If the mosque rounds times to the nearest 5 minutes, the minimum achievable RMS is around 1.5 minutes (half of 5). This is normal. An RMS below 2 minutes is a good result for real-world data.
## Weighting
Use the `weight` field to de-emphasize less reliable observations:
```ts
// Older records you're less confident about
{ date: new Date('2022-06-01'), ..., fajr: 3.75, weight: 0.5 },
// Recent, verified observations
{ date: new Date('2024-06-01'), ..., fajr: 3.75, weight: 1.0 },
```
Weights are relative, not absolute. Setting all weights to 2.0 produces the same result as all 1.0.
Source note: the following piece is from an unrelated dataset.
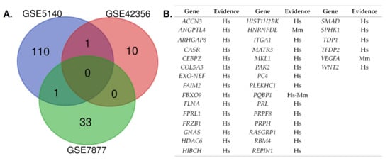 Convergent analysis of the differentially expressed genes obtained from the three datasets: (A) Venn diagram comparing differentially expressed genes identified in the included datasets (adjusted p < 0.05); (B) list of genes derived from the convergent functional genomics analysis in human and mouse models. Hs: Homo sapiens; Mm: Mus musculus.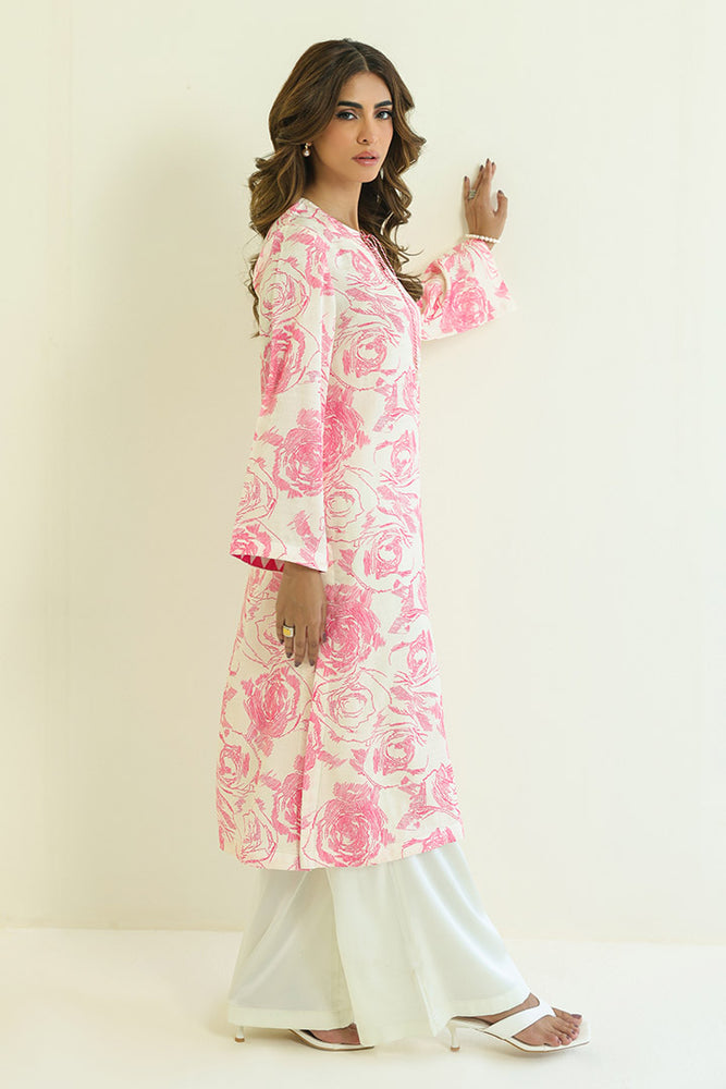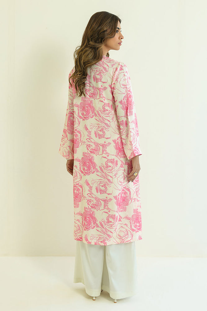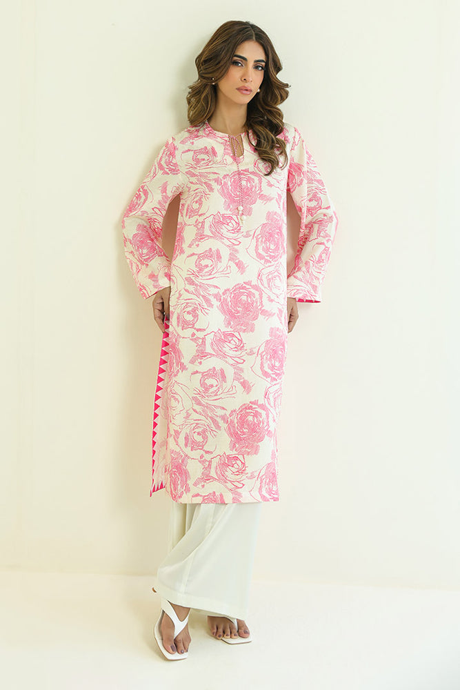 Design Details: triangular digital fabric facing on sleeve, hemline and side slit for added design.

## Example dataset (8 observations, New York)
```ts
const observations = [
// Winter
{ date: new Date('2024-01-15'), lat: 40.71, lng: -74.01, tz: -5, fajr: 5.97, isha: 18.42 },
{ date: new Date('2024-02-15'), lat: 40.71, lng: -74.01, tz: -5, fajr: 5.62, isha: 18.92 },
// Spring
{ date: new Date('2024-04-01'), lat: 40.71, lng: -74.01, tz: -4, fajr: 5.12, isha: 20.37 },
{ date: new Date('2024-05-01'), lat: 40.71, lng: -74.01, tz: -4, fajr: 4.52, isha: 20.87 },
// Summer
{ date: new Date('2024-06-21'), lat: 40.71, lng: -74.01, tz: -4, fajr: 3.65, isha: 21.78 },
{ date: new Date('2024-08-01'), lat: 40.71, lng: -74.01, tz: -4, fajr: 4.15, isha: 21.17 },
// Autumn
{ date: new Date('2024-10-01'), lat: 40.71, lng: -74.01, tz: -4, fajr: 5.28, isha: 19.45 },
{ date: new Date('2024-11-01'), lat: 40.71, lng: -74.01, tz: -5, fajr: 5.62, isha: 18.12 },
];
```
Note: New York uses UTC-5 (EST) in winter and UTC-4 (EDT) in summer. Always use the actual UTC offset in effect on each date.